For a study to draw significant conclusions there needs to be a large enough number of patients in order to account for outliers; however, the more patients that are enrolled in the study increases the resources required and the overall costs of the study both in manpower and money. Coma studies also have the problem of a lack of reproducibility due to the unique nature behind the origins of the coma both in the event(s) leading to their loss of consciousness and the biological changes that produced it. Overall the best hope is to simply conduct double blind studies separating those doing the initial and future probability evaluations from those applying the actual treatments.

Not surprisingly the advent of modern technology has lead to the use of imaging modalities to attempt to evaluate unconsciousness on a more tiered level. The two most popular strategies to measure consciousness, both in conscious and unconscious patients, are functional magnetic resonance imaging (fMRI) and electro-encephalography (EEG)/magneto-encephalography (MEG).30 Note that some researchers produce a wSMI, which is an analysis technique to determine the shared information between multiple, usually two, EEG signals.31 Both EEG and fMRI information is typically compiled during visual (usually with a bright light), auditory or pain stimulation as well as command following instructions, all of which are designed to produce strong conscious processing reactions. Event-related potentials (ERPs) can also provide insight into improper brain function as they have short latency periods typically reflect activation in low-level sensory receptive structures of the brain.34

Not surprisingly an increasing wSMI (greater synchrony between EEGs) is directly proportional to an increasing probability for coma recovery.30 Increases across centroposterior areas and across medium and long interchannel distances appear especially predictive.31 Another advantage of wSMI over EEGs alone is the comparison reduces the probability of common source artifacts that could create erroneous conclusions about conscious standing.30 EEGs are typically favored versus fMRI due to cost and required procedure.35,36

The advancement of modern imaging technology has provided improvements in navigating the nuances of characterizing a patient as either in a vegetative state or a MCS in that across various studies anywhere from 24%-33% of patients that were originally classified in a vegetative state were reclassified as being in a MCS after EEG analysis.30,35 However, whether or not this new diagnosis was due to missed behavior signs signifying consciousness or a secondary VS subset where neuronal patterns change before outward behavior changes is unclear. This secondary explanation does make sense because neuronal plasticity leads to brain repair from traumatic damage, which would manifest internally before reestablishing external conscious behaviors.
Overall both the inclusion of behavior measures as well as neuroimaging will increase diagnostic accuracy and increase successful treatment probability.

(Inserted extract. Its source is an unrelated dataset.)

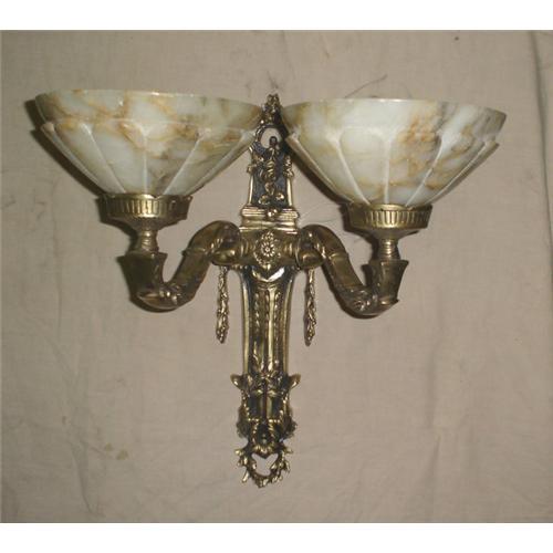 The artwork of the cast bronze of this pair of alabaster stone sconces make this item unique.Shipping cost within USA: 75.00. Some assembling may be required. They were rewired to USA standards.Due to the nature of alabaster stone the pictures may not accurately represented the color and pattern of the alabaster.

One of the possibly tricky issues surrounding the evaluation of potential conscious signals is that subconscious/non-conscious processing is more advanced than historically thought. For example the brain can subconsciously recognize certain abstractions in pictures, words and faces,37,38 interpret the relationship between similar words,39,40 and the social context of certain objects like money.41-43 There are even questions regarding whether long-distance synchrony can be produced between prefrontal and occipital cortex through long-term potentiation under unconscious conditions.44,45 Fortunately these subconscious triggers rarely manifest into actionable streams, so while subconscious activity can produce behavior priming and small levels of activity in certain networks the rate of their existence is ephemeral. Therefore, despite these concerns, attributing general consciousness cues to conscious brain activity in a currently unactionable state appears more appropriate than attributing these signals to subconscious brain activity.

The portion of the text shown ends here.